在醫院中,大多數人想到的第一個應用是兒科,並避免了CT的電離輻射, Hyperfine的營銷主管Chris Ward告訴HCB News。另一種是重症監護,只要醫院裏一些病情最嚴重、最脆弱、難以轉運的病人想隨時使用就可以使用 MR 。在 FDA 批准之前,在耶魯紐黑文大學、賓夕法尼亞醫學院、長島好撒瑪利亞醫院、紐約長老會布魯克林衛理公會醫院和布朗大學作爲研究合作夥伴進行了數千次掃描。
今年 9 月,耶魯大學紐黑文分校的一個研究小組發表的研究顯示,掃描儀在出現神經系統症狀的患者中發現了缺血性卒中、出血性中風、蛛網膜下腔出血、創傷性腦損傷和腦腫瘤的證據。它也被用來分析 20 例有嚴重 COVID-19 症狀的患者,其中許多患者病情嚴重,無法轉移到磁共振套件進行神經學診斷。8 人被發現有神經異常。
Hyper fine 在 2019 年 RSN A 年會上公布了該系統。
03
研究顯示:改良MR優于3D乳腺
致密組織篩查
2 月下旬發表在《美國醫學會雜志》上的一項研究顯示,在發現乳腺組織致密的女性癌症方面,改良乳房磁共振可能比數字式乳房斷層合成更好。
這項評估是根據美國和德國 48 個中心的研究結果進行的,這些中心參與了首次AB-MR 前瞻性多中心研究。
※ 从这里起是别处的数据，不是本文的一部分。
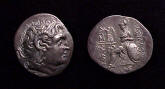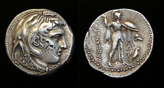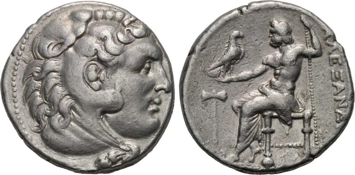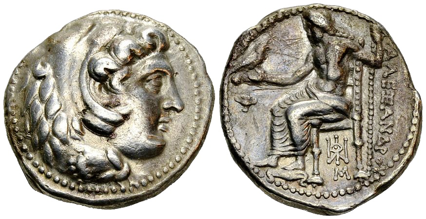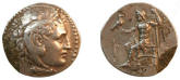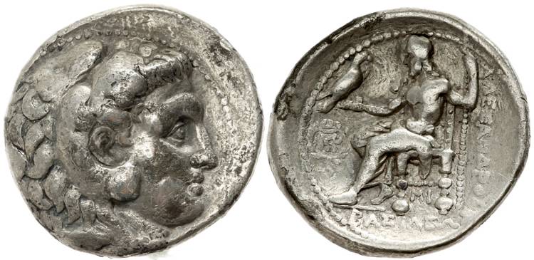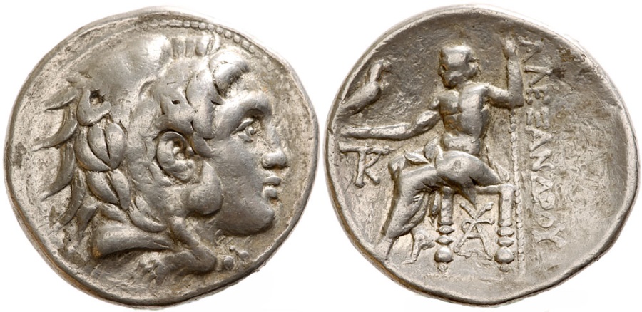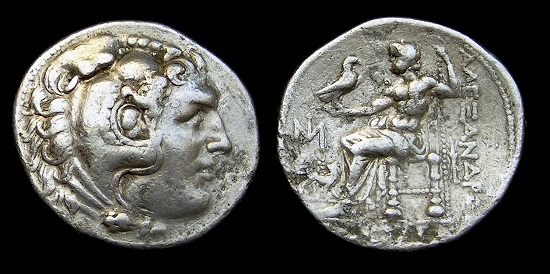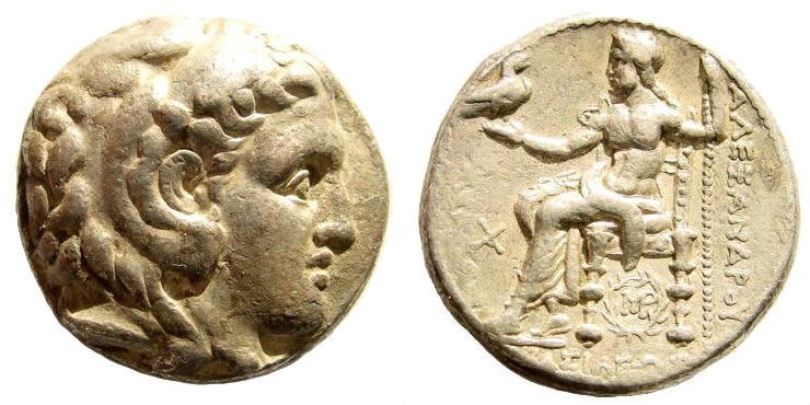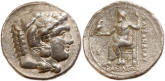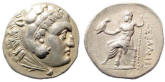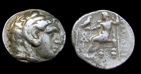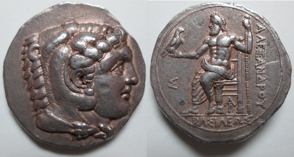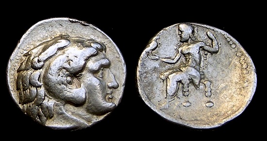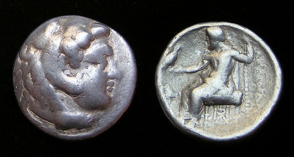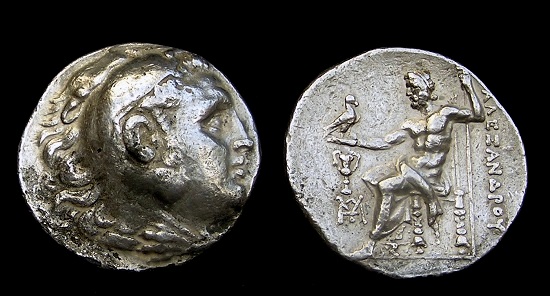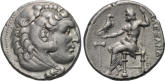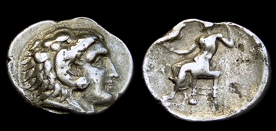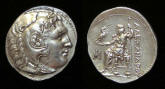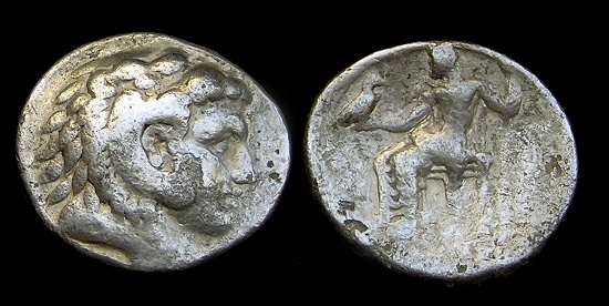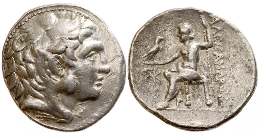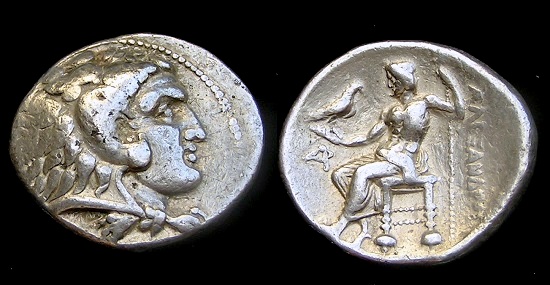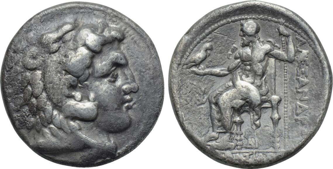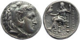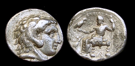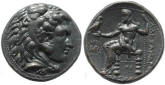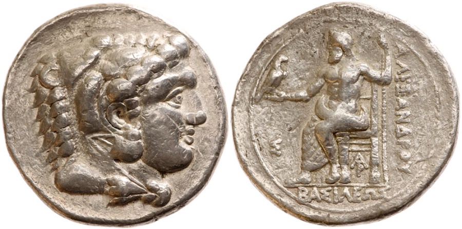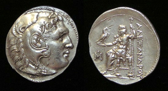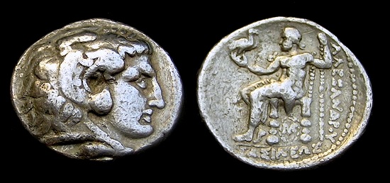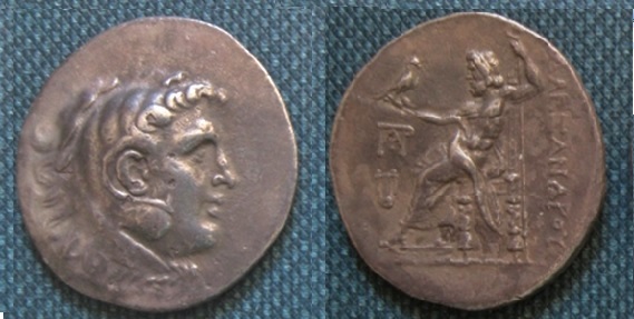 Herakles-type Tetradrachm Coins of Alexander Tetradrachms are large silver coins. Most weight about 17 grams and measure about 24 to 30 mm diameter. The smaller diameter type (24 to 26 mm) are about the diameter of a US Quarter but 2 to 3 times as thick. The larger diameter type (27 to 30 mm) are about the diameter of a US $.50 but twice as thick. Alexander's tetradrachms and drachms features Alexander's portrait as Herakles (same as Roman Hercules). He is wearing a Lion Skin. The Lion Skin is from the Nemeaen Lion killed by Herakles with his bare hands. The reverse scene is Zeus, seated, holding an eagle in his outstretched hand and a legend bearing his name in Greek. When Alexander conquered territories, he looted the conquered kingdom's precious metals, gold and silver (i.e., plunder). He, and his successors, minted coins in his name with that plunder. These coins are the plunder of Alexander the Great.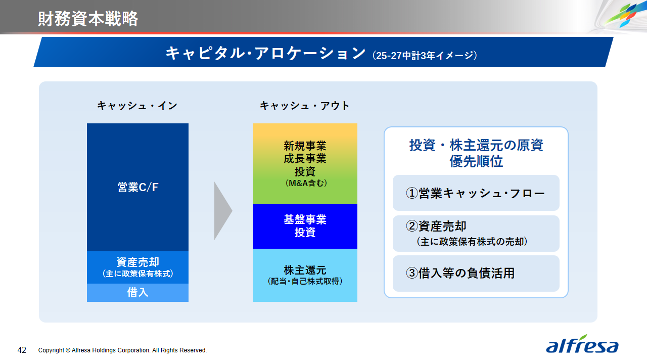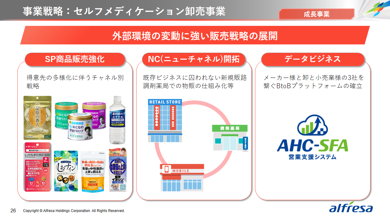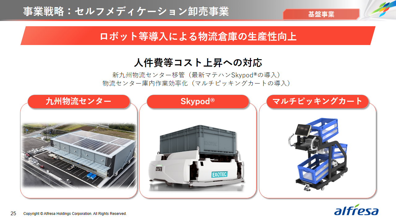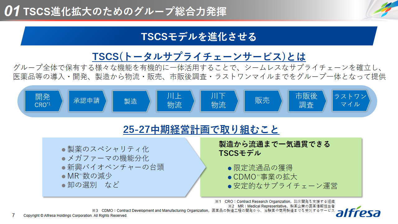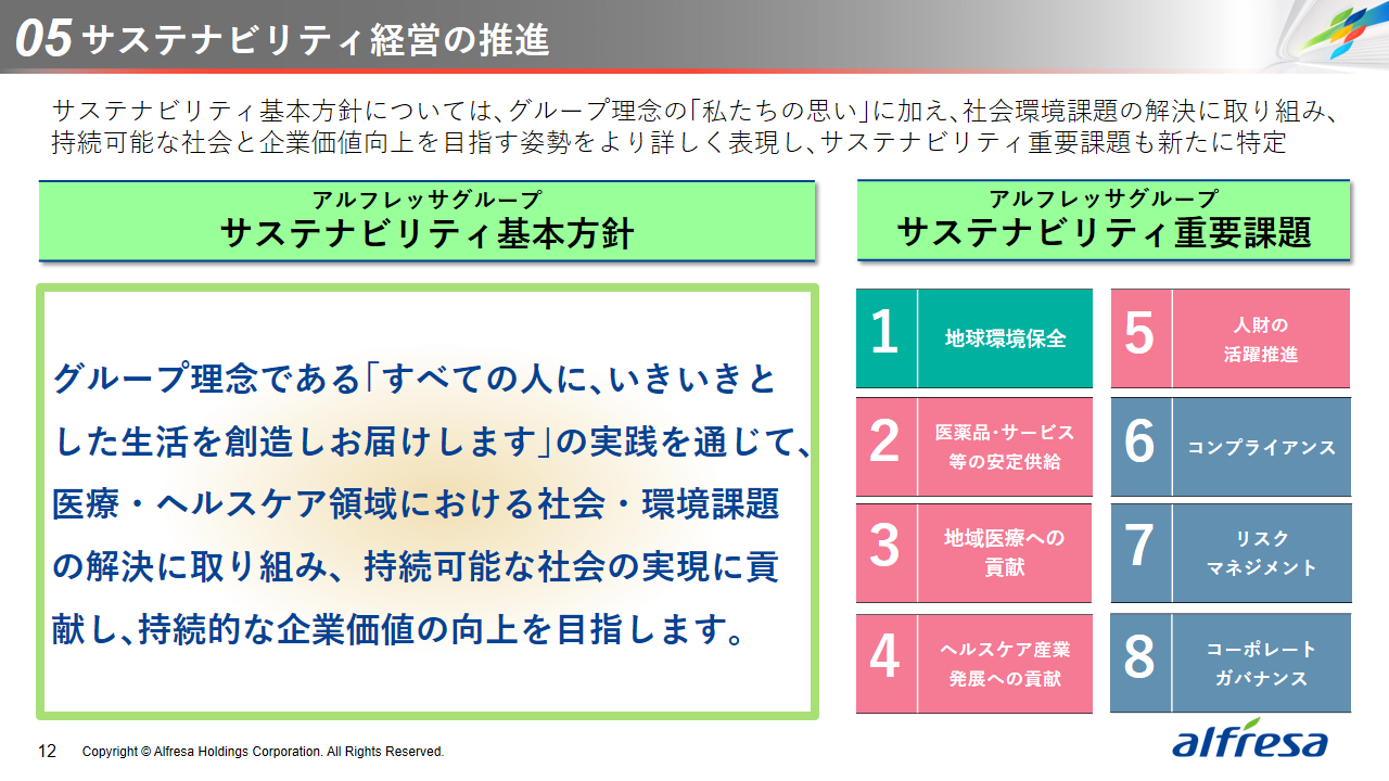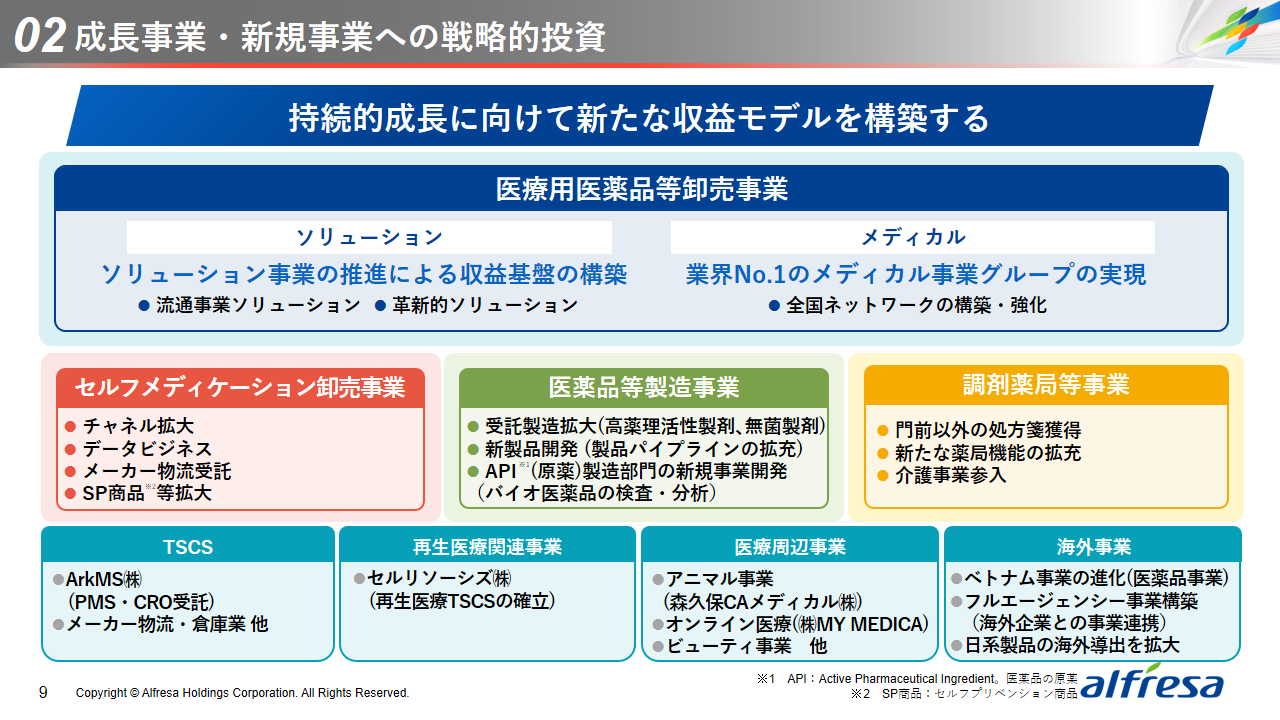 当社グループは、2023年に策定した2032年度までの中長期的な事業戦略および財務・資本戦略「アルフレッサグループ中長期ビジョン」において、グループ理念に基づき、健康寿命の延伸、地域医療への貢献、およびヘルスケア・イノベーションなどの社会価値を創造するため、基盤事業強化、成長事業育成、新規事業開発の事業戦略を遂行し、トータルサプライチェーンサービスの強化と拡大を目指しています。今回策定した「25‐27中計」は、「中長期ビジョン」の目標達成に向けた第2ステージであり、確実な利益拡大のための重点投資とコスト最適化により、これまでの取り組みを進化させてまいります。

領導這項研究的是斯隆凱特琳癌症中心,與一個國際研究團隊和 ECOG – ACRIN 癌症研究小組合作。
MSK和該研究的主要作者Christopher E. Comstock博士對HCB新聞說:“在評估采用新的測試時,需要進行這些類型的研究,並在考慮是否進行該測試時告知患者其風險和收益。”我們的研究證實,在患有乳腺癌的女性中,具有致密乳腺組織的平均風險的女性的AB-MR優于3D乳腺攝影術的2.4倍。它不僅發現更多的癌症,而且發現在3D乳腺攝影術中未發現的浸潤性和高度癌症。
共有1444名40至75歲的女性參加了該試驗。所有患者在其先前的乳房X光照片上都具有密集的乳房,並且目前沒有乳腺癌或任何臨床症狀,例如BRCA狀況或乳腺癌家族病史。第一年有23名婦女被診斷出患有乳腺癌,其中23例中有22例由AB-MR診斷爲癌症。3D乳腺X線照片僅檢測到9例,而AB-MR則發現了所有3D乳腺X線照片中發現的所有癌症,除了早期階段的情況。
結果于今年晚些時候得到了支持,該研究評估了475名無症狀乳房密實的女性,這些女性先前在2016年至2019年之間進行了3D乳腺钼靶篩查,結果爲陰性。這他們在《臨床腫瘤學雜志》上報告了13種癌症。
04
在ICU的近半數COVID-19患者的
MR掃描中發現大腦異常
一項在5月《放射學》雜志上發表的研究發現,土耳其有近一半的COVID-19患者被ICU收治在MR掃描中顯示出腦部異常的迹象。這項發現是由伊斯坦布爾大學-塞拉帕薩分校的神經放射學家做出的,他們斷言該發現證實了已經爲患有該疾病的人確定的症狀,特別是與神經系統有關的症狀。
這組作者在他們的報告中說:“最近的證據表明,在COVID-19患者中,中樞神經系統症狀占相對較高的比例(36%),包括頭痛、精神狀態改變、急性腦血管疾病和癫痫病。” 患有嚴重呼吸系統疾病的患者的神經系統症狀發生率更高。相對較高的神經系統症狀百分比與研究顯示冠狀病毒的嗜神經性相一致。”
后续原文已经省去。